Initially disruptive technologies may seem of limited value, however in time they completely overturn existing products and markets. For example: mobile phones changed the landscape for fixed-line operators; digital photography decimated camera sales; online retailing transformed high street retailing.
In his follow-up book, “The Innovator’s Solution”, Christensen changed the term from “disruptive technology” to “disruptive innovation”, stating that it was rarely the technology that was disruptive or sustaining but the use that companies made of it through their business model.
This distinction between the disruptive and the sustaining reflects the recognized dilemma of corporate decision makers. Do we go for the big bang change or shuffle along with business more or less as usual.
In the 1990s the slow shuffle was in favour, backed by concepts such as kaizen—the Japanese process of gradual improvement and business process re-engineering. But a disruptive innovation impatience kicked in after 2000.
Disruptive Innovation has since become an overused, overhyped business word. But what does it really mean for your business and does it matter?
Disruptive innovation is a term that conveys different meanings for different people. CEOs and businesses need to consider how disruptive innovation can help them transform their business, create new growth opportunities and develop a competitive advantage or alternatives to their business model.
Disruptive (definition wiki) : “disturbance or interruption of an event, activity or process”. Innovation: “the introduction of something new”.
Essentially it’s an innovation that breaks an existing process and creates a new one. We would expect it to be something new that shakes up a market, one that is threatening to the existing order of things.
Here’s an example of a disruptive innovation—Netflix: initially targeted a niche market, (one being neglected by incumbents).
10 years ago, Blockbuster ruled the film rental business. With 25,500 employees at 8,000 stores selling film rentals. It had $500 million in annual cash flow and was valued at $3 billion. In 2005 it was valued at $8 billion. Meanwhile, Netflix was using the postal service to distribute DVDs, and it didn’t seem to stand a chance. Founded in 1997 by Reed Hastings, its prospects of surviving battles against Blockbuster, Wal-Mart, Amazon, Google, Microsoft, and other competitors were so slim that a Wall Street analyst labeled its stock “worthless”.
Fast forward 10 years and Netflix now has over 40 millions customers and runs a well-executed operation. Stock soared. Why? The rapid rise of online film streaming offered by Netflix made Blockbuster’s video and DVD business model obsolete. Blockbuster filed for bankruptcy, while Netflix blossomed.
Netflix executives understood that an emerging technology was rapidly changing the delivery of film rentals.
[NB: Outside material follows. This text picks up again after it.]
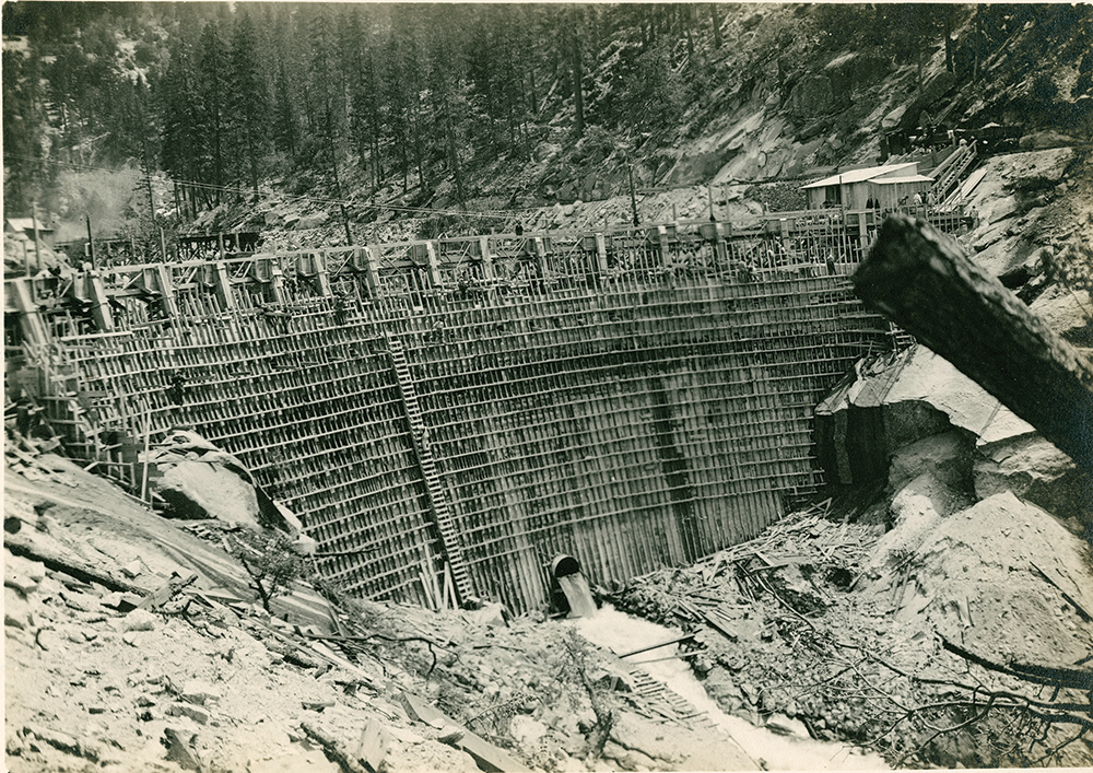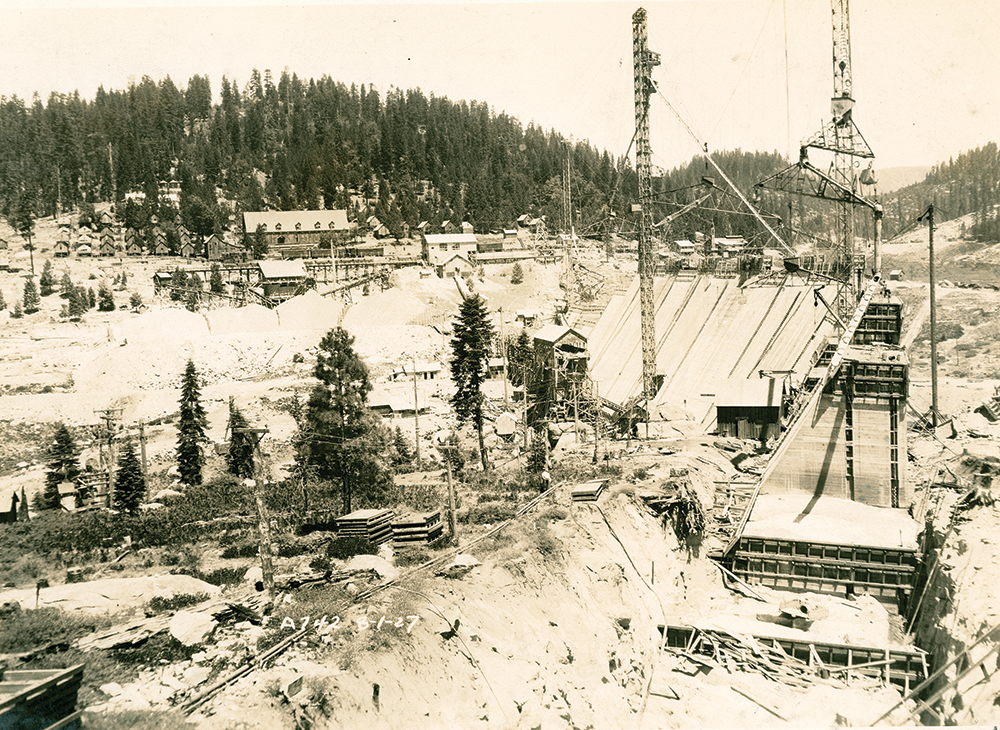 Shaver Dam construction, August 1927. By Manley Freeman White, 1882–1953, courtesy California State Library.

They created a disruptive business model as opposed to a disruptive product. As well as developing a strategy of internet streaming. They also their customer needs. To help customers give up DVDs, Netflix gave away streaming films and made it easy.
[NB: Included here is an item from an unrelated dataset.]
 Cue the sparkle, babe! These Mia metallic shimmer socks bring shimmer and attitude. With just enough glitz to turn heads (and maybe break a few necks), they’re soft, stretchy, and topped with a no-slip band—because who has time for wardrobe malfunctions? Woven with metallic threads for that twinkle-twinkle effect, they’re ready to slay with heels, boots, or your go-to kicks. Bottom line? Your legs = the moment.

By operating online, they avoided the cost of retail outlets. With a few warehouses and offices, the company became a virtual organization with no retail stores and no sales employees. On resourcing, Netflix operate a “Freedom and Responsibility Culture.” Instead of authorized holidays, sick days, and fixed work hours, people work when they choose as long as their job gets done. Job titles and even compensation are up to the individual.
Netflix introduced a new pricing strategy. Blockbuster charged £3 fee for each film (DVD) and as customers hated the fees for late returns, Netflix introduced a monthly subscription that allows unlimited rentals and no late fees. Instead of renting films, the focus was on providing a convenience for their customers. Netflix set a new standard for the exploding market in films and video. The same way that Microsoft set the standard for desktops, Amazon gained dominance of book sales, and Google gained the majority of online searches.
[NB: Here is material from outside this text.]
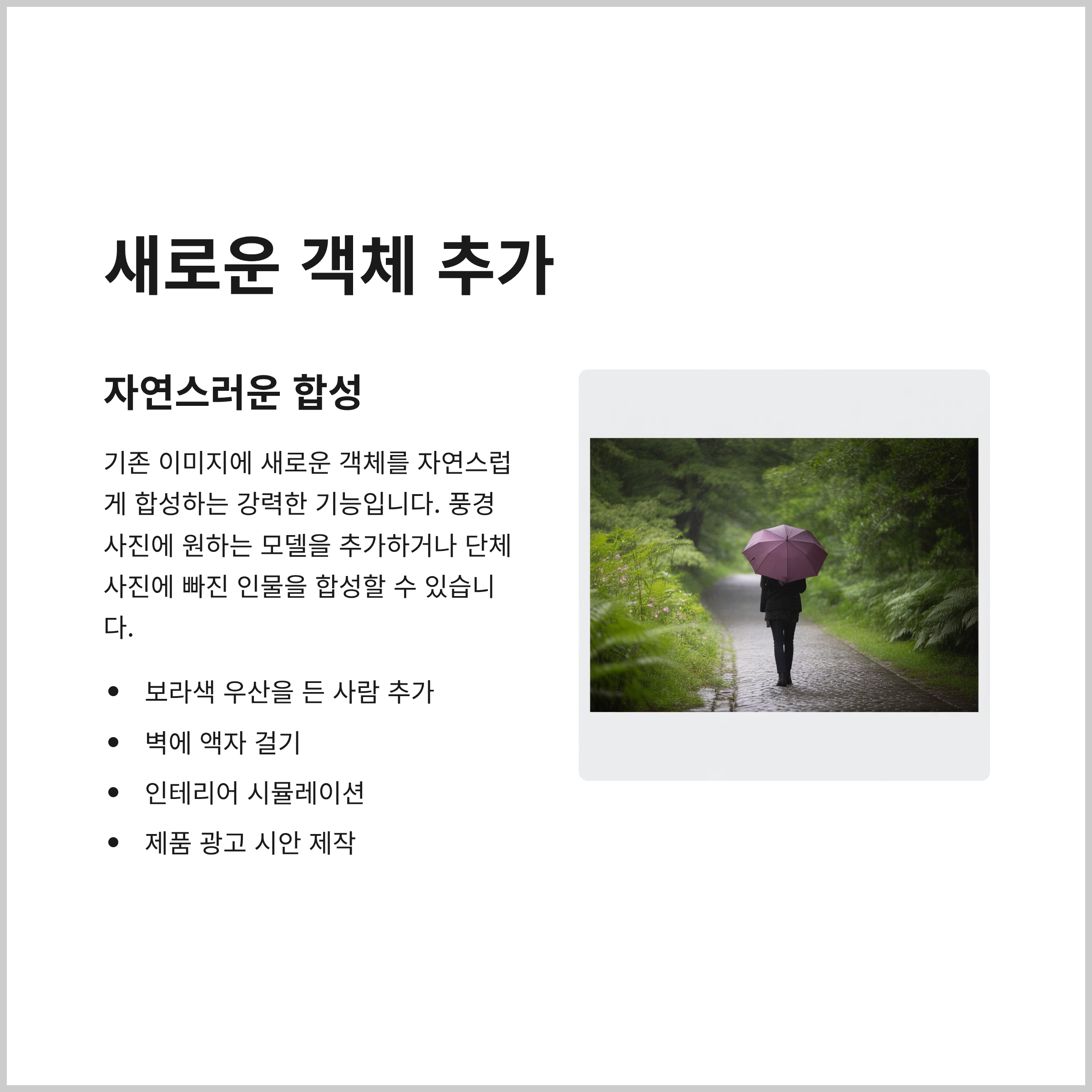 예를 들어, 빈 공간에 "보라색 우산을 든 사람을 추가해줘"라고 입력하면 주변 환경과 조화를 이루는 이미지가 생성된답니다. 또한, "벽에 액자를 걸어줘"처럼 사물을 추가할 수도 있어서 인테리어 시뮬레이션이나 제품 광고 시안을 만들 때 매우 유용하죠.

What can be learned from Netflix?
Netflix illustrates the central role that emerging technology plays in transforming an industry. It’s not always about the product, it’s about the business model. For Netflix this included the value proposition, customer’s needs, the channels, the culture and the pricing proposition.
To summarize, rarely is it the product that disrupts an industry. It’s the business model that is disruptive as outlined above with Netflix. Hastings filled the gap in the market, which led to Netflix success. To be a disruptor, usually requires the broader business model to displace or replace an industry with something new that is better for customers and more economically efficient than what it replaced.
Disruptive innovation does matter to your business. To recognize it, design for it and profit from it, we need a clear understanding of what it is. If you think you are or could be a disruptor, it’s worth looking at your business model. If you don’t, you could be leaving a big opportunity or potential business behind. Or if you’re the incumbent being challenged by a disruptive innovator, it could be the difference between continuing success, or being made redundant in the market.
Is your business ready to become a disruptor?